■ **Work request**: Extract, exactly as written, each line from the start of the records below to the line containing "tab, hidden rivets", both ends included; drop the pictures.

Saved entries
***

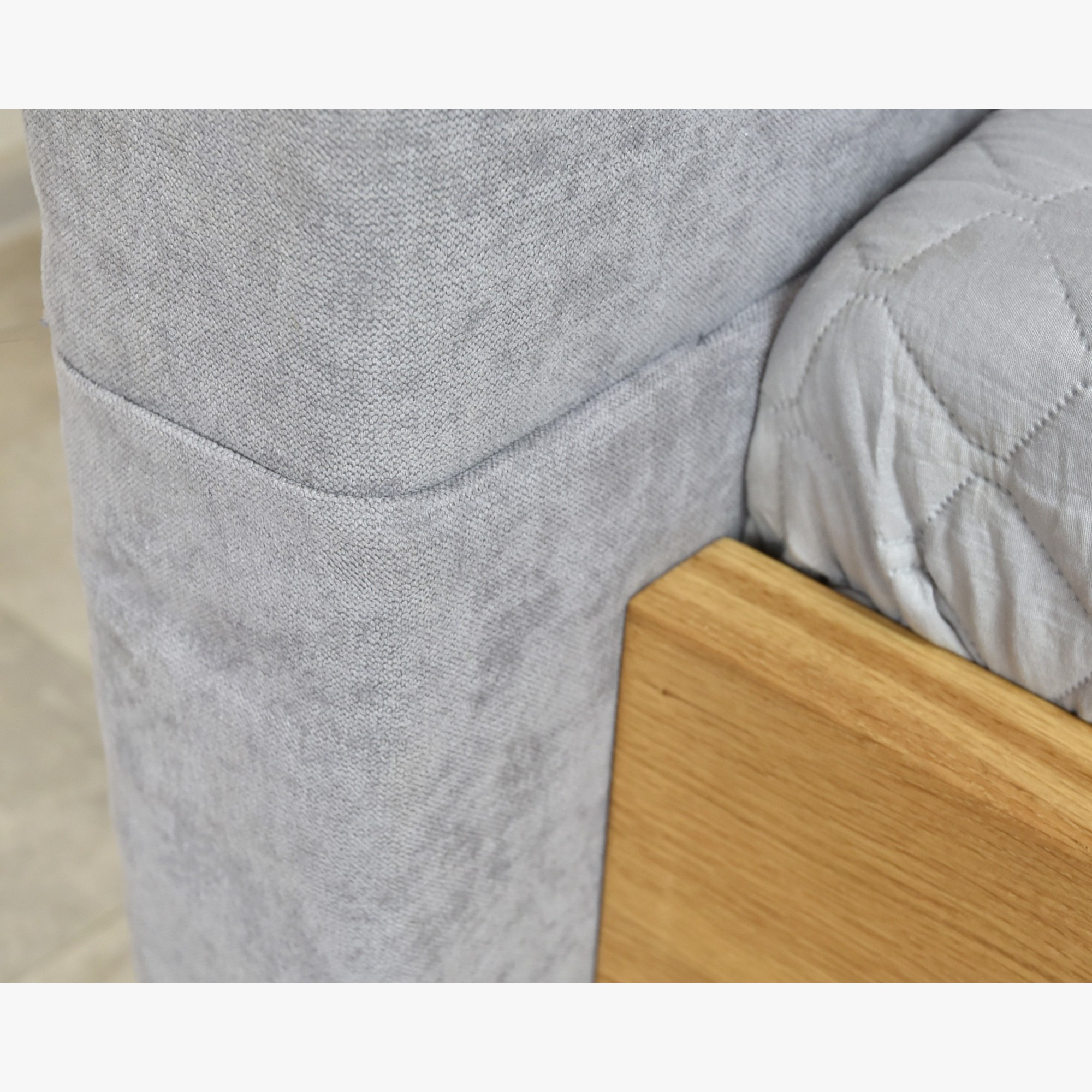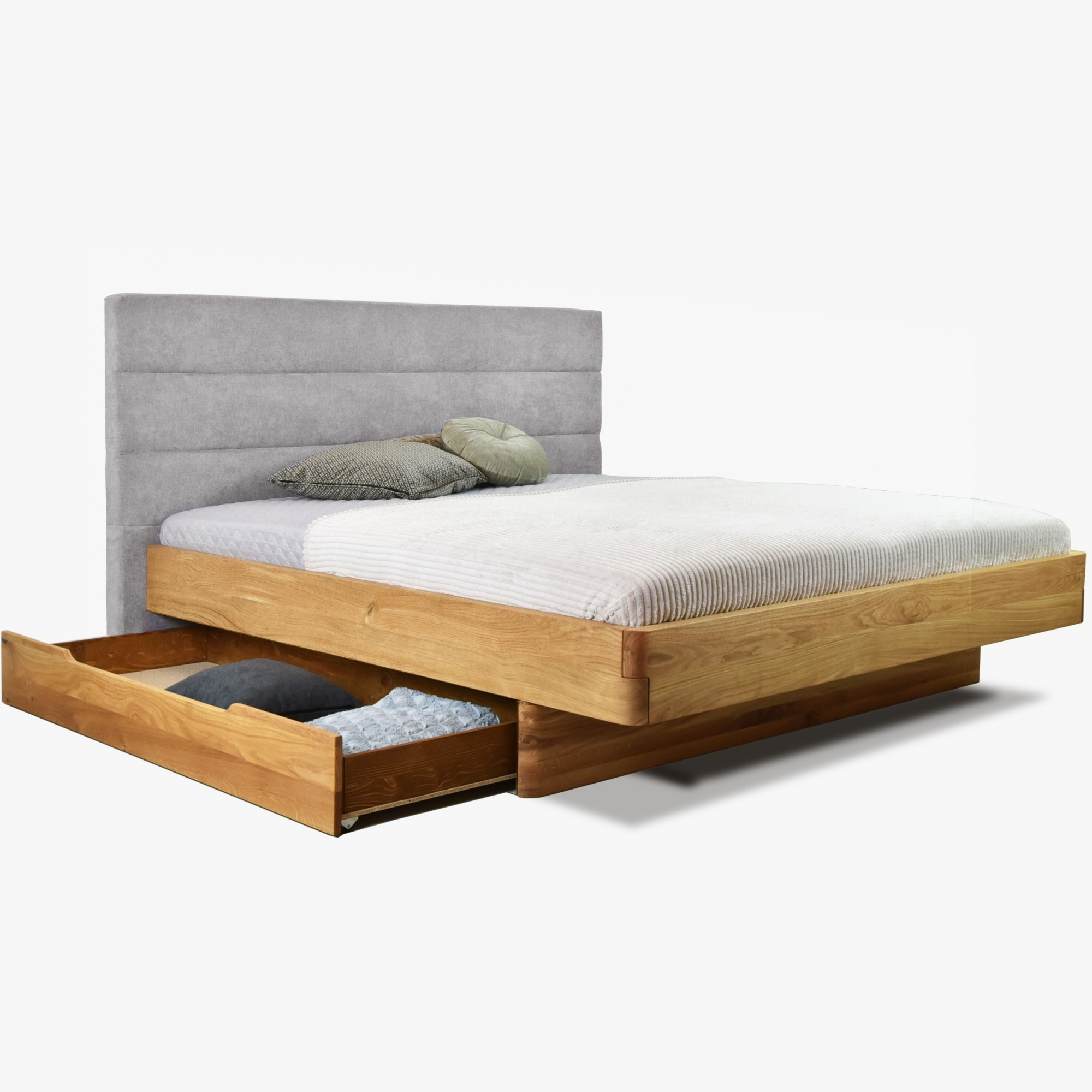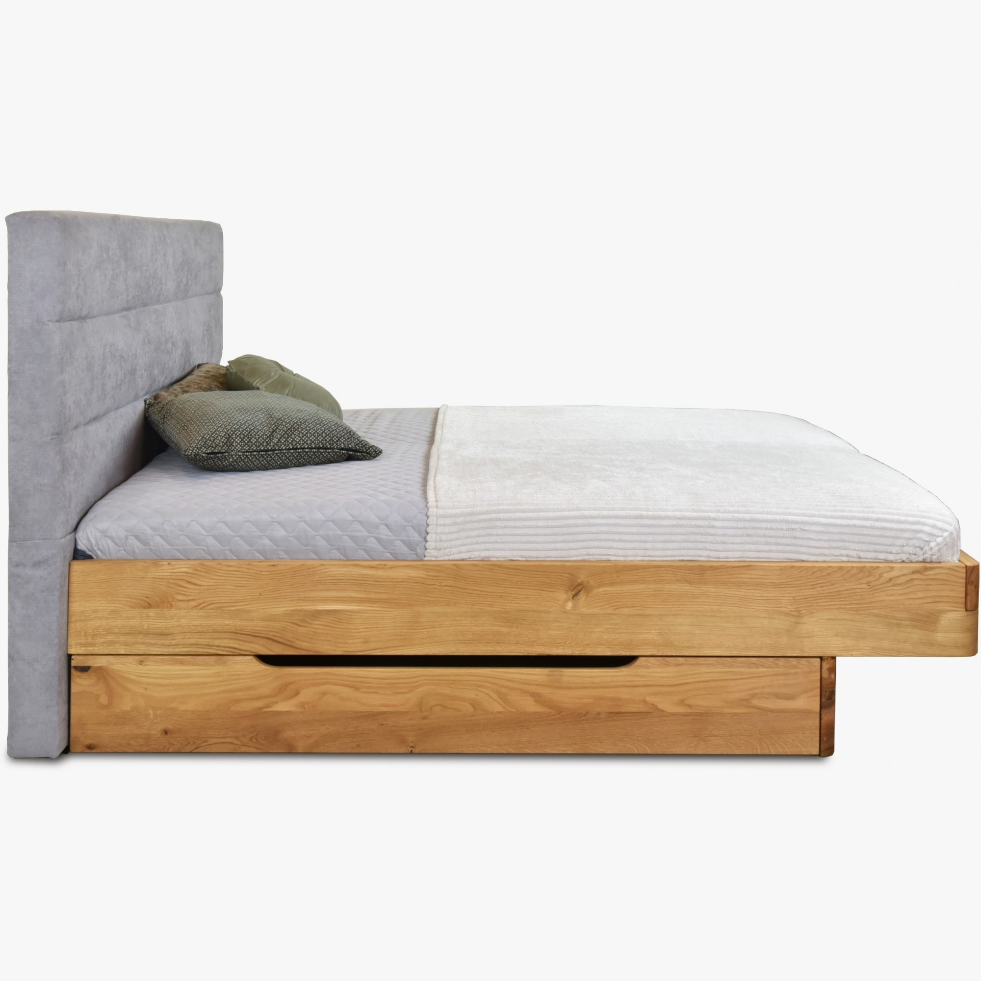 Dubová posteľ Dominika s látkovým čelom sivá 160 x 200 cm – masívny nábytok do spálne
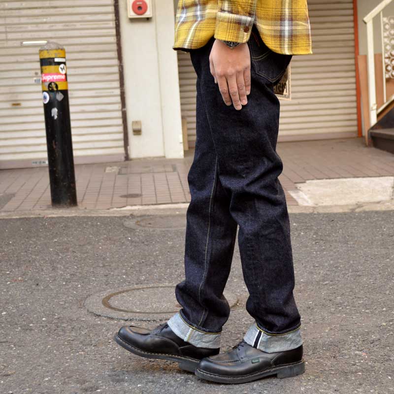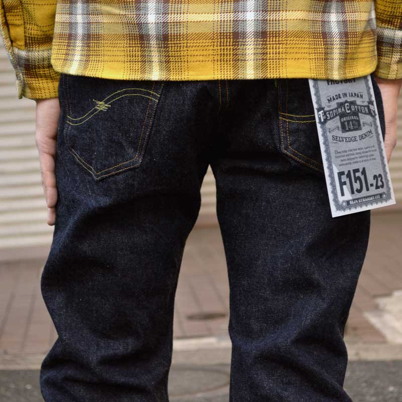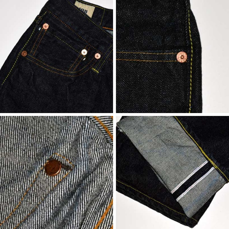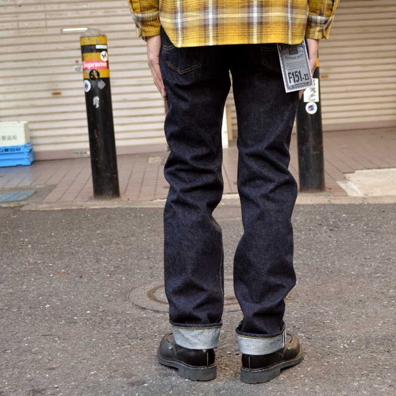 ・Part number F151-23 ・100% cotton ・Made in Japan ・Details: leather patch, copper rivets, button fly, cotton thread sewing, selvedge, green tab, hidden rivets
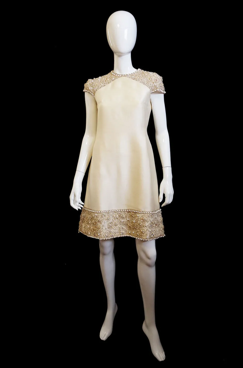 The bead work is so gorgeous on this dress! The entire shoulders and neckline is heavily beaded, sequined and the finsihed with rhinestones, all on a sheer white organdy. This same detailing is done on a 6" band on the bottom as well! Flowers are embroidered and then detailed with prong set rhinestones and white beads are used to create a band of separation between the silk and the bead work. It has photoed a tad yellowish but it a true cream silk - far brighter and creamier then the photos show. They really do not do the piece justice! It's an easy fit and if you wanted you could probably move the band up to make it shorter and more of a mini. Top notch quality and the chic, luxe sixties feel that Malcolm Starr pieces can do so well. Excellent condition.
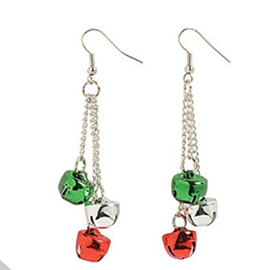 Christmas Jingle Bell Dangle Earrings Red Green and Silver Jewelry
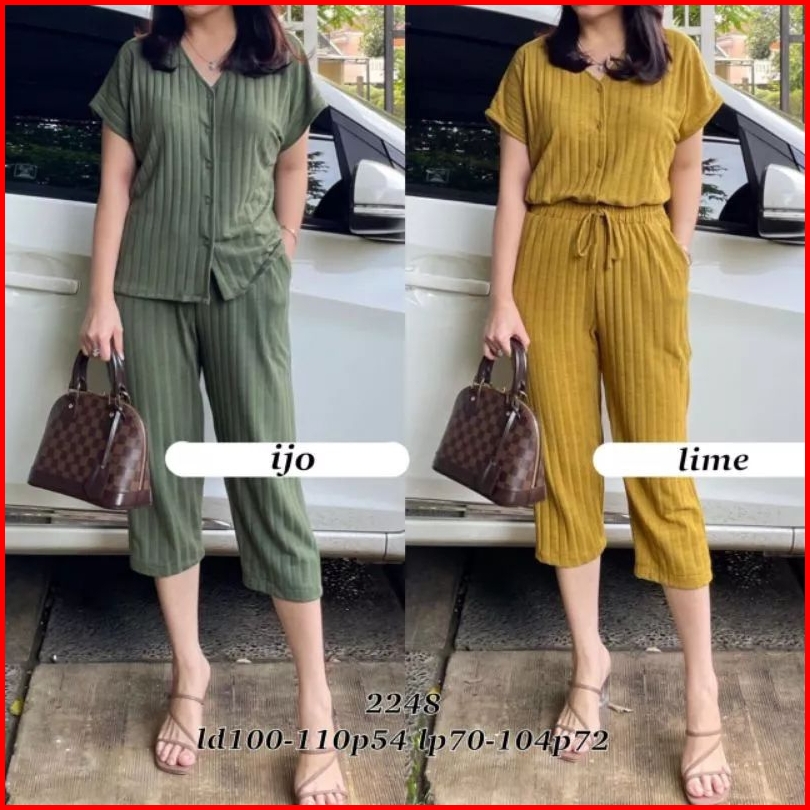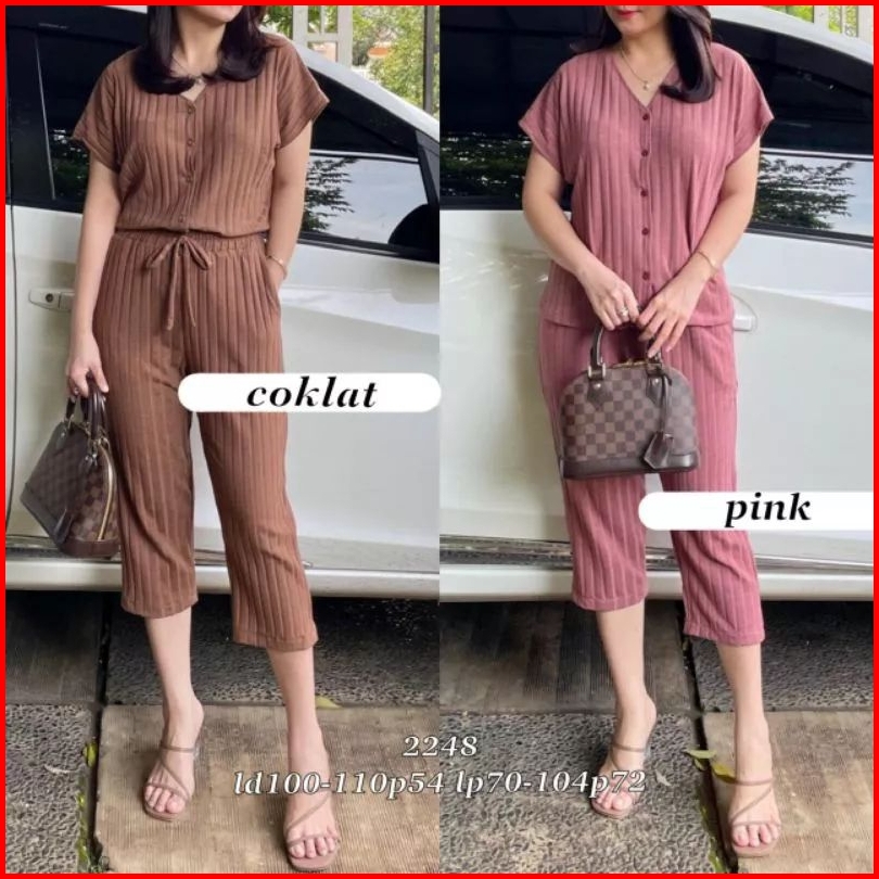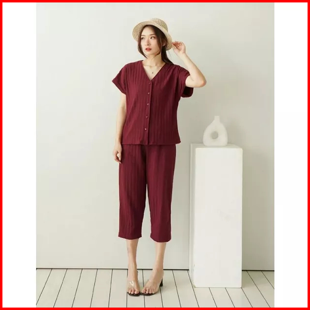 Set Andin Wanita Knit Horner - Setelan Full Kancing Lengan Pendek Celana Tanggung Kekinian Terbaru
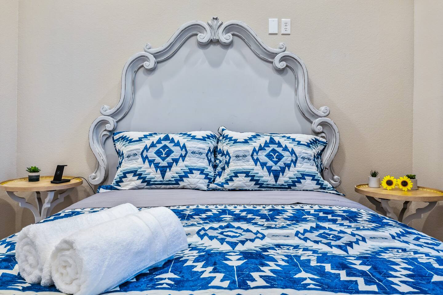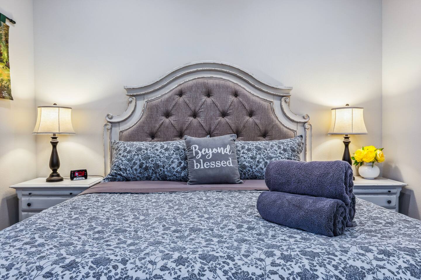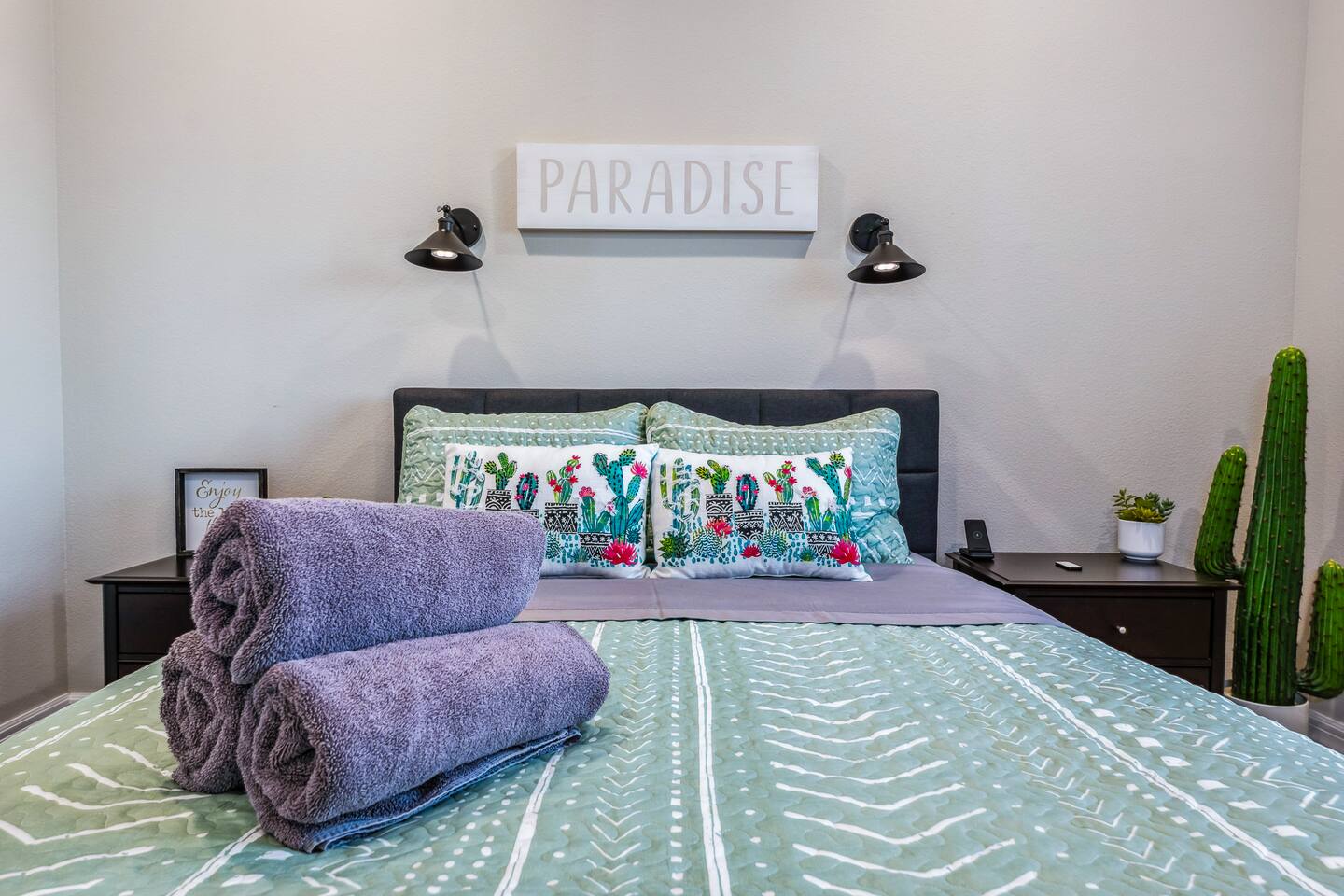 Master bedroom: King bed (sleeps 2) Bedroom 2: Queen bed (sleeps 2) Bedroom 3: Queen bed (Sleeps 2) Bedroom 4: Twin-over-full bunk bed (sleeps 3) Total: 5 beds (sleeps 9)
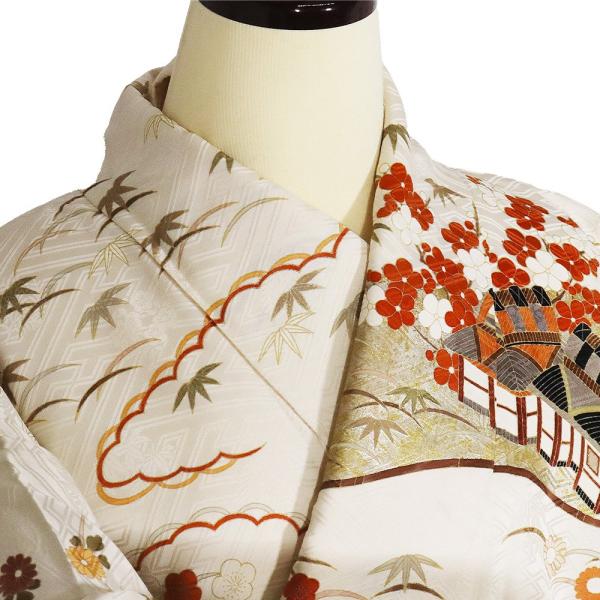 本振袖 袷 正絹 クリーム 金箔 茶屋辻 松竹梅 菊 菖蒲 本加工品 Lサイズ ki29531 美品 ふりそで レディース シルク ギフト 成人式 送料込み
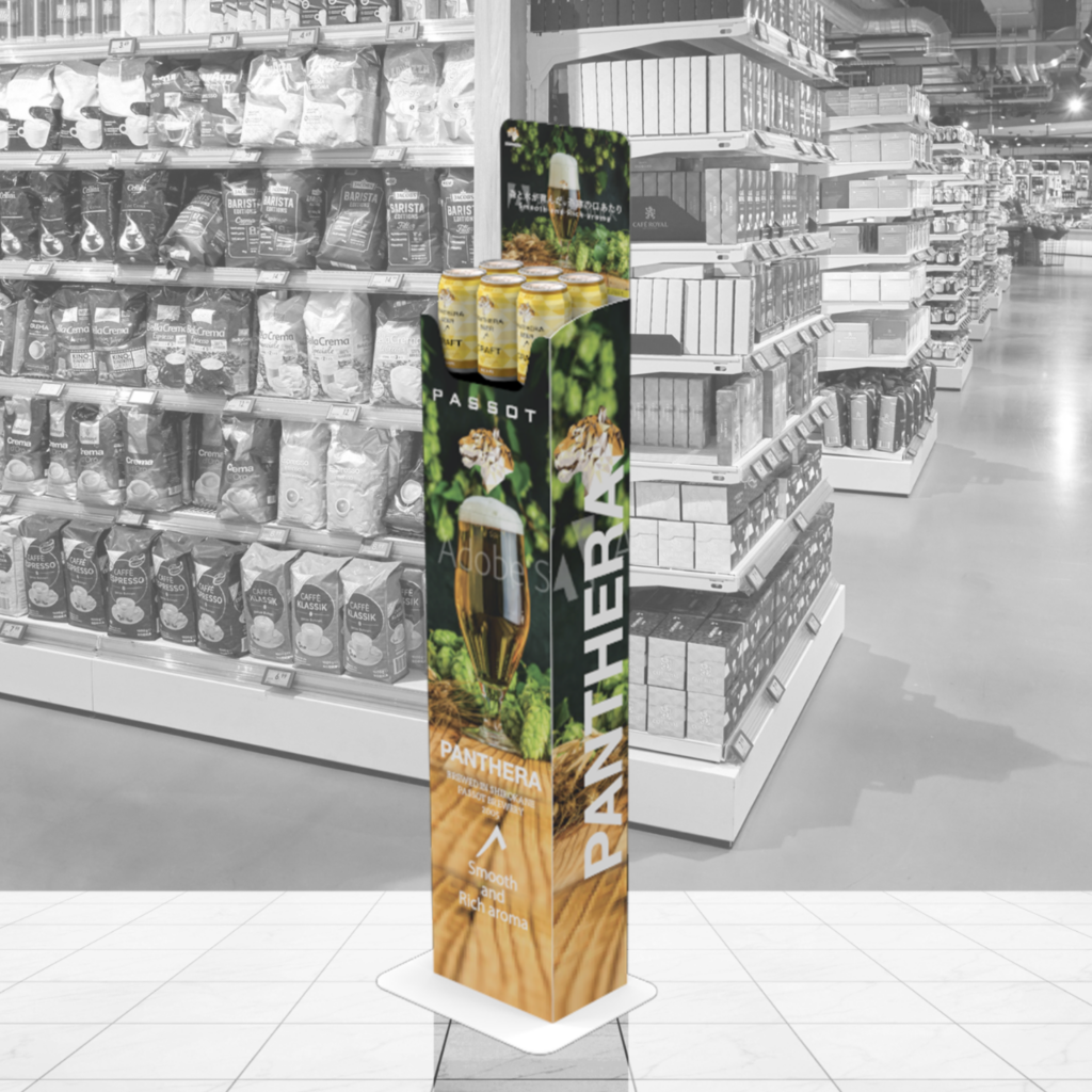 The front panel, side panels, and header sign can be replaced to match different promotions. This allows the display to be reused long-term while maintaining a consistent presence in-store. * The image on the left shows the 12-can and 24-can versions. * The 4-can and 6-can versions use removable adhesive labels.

***

■ **Expected output**:
 Dubová posteľ Dominika s látkovým čelom sivá 160 x 200 cm – masívny nábytok do spálne
 ・Part number F151-23 ・100% cotton ・Made in Japan ・Details: leather patch, copper rivets, button fly, cotton thread sewing, selvedge, green tab, hidden rivets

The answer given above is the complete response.